- Genre: Reality
- Presented by: Amber Nichole Miller (Challenge Host) Joanna Krupa Paula LaBaredas
- Country of origin: United States
- Original language: English

Production
- Producer: Lyle Howry
- Running time: 30 minutes
- Production company: Lyle Howry Productions

= Ultimate Women Challenge =

Television series

Ultimate Women Challenge was an unaired show featuring 16 female fighters who would win a prize of $50,000. During the filming of the Ultimate Women Challenge, Kaitlin Young faced Julie Kedzie on September 24, 2010. She defeated Kedzie by split decision.

==Cast==
- Martha Benavides
- Heather Jo Clark
- Brandi Haines
- Barb Honchak
- Angela Hayes
- Julie Kedzie
- Angela Magaña
- Casey Noland
- Michelle Ould
- Colleen Schneider
- Karina Taylor
- Patricia Vidonic
- Kaitlin Young

==Production problems, litigation, and financial problems==
The production was plagued with problems, with cast members later recounting to the press that they had been provided with insufficient food by the producers during the filming, and that there had been a lack of medical attention when an injury occurred.

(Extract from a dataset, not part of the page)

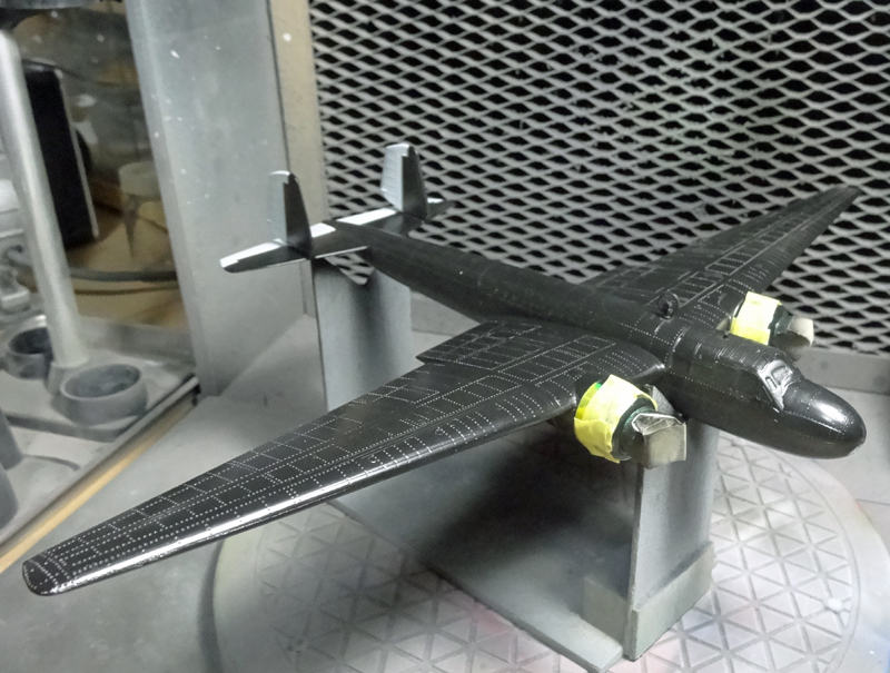 銀塗装の下地としてグロスブラック(Mr.カラー2番)を全体に塗装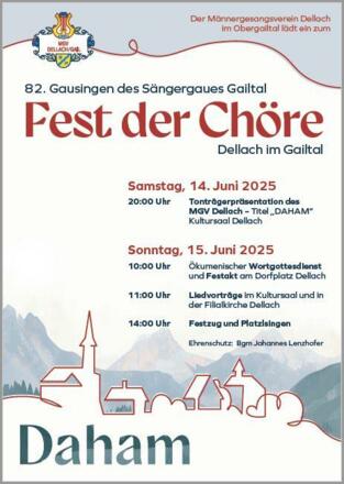 20 Uhr Tonträgerpräsentation des MGV Dellach - Titel "DAHAM" im Kultursaal Dellach

The show's financier, Sean M. Morrison, foreclosed on rights to the show after the original producer, Lyle Howry Productions, did not repay a $600,000 loan. The producer had experienced financial problems from the start of the production.

Several fighters launched a lawsuit in Wisconsin against Lyle Howry Productions for nonpayment.

Morrison filed a lawsuit in Illinois federal court against several competitors in which he charged that they had misappropriated trade secrets by revealing the outcome of the series.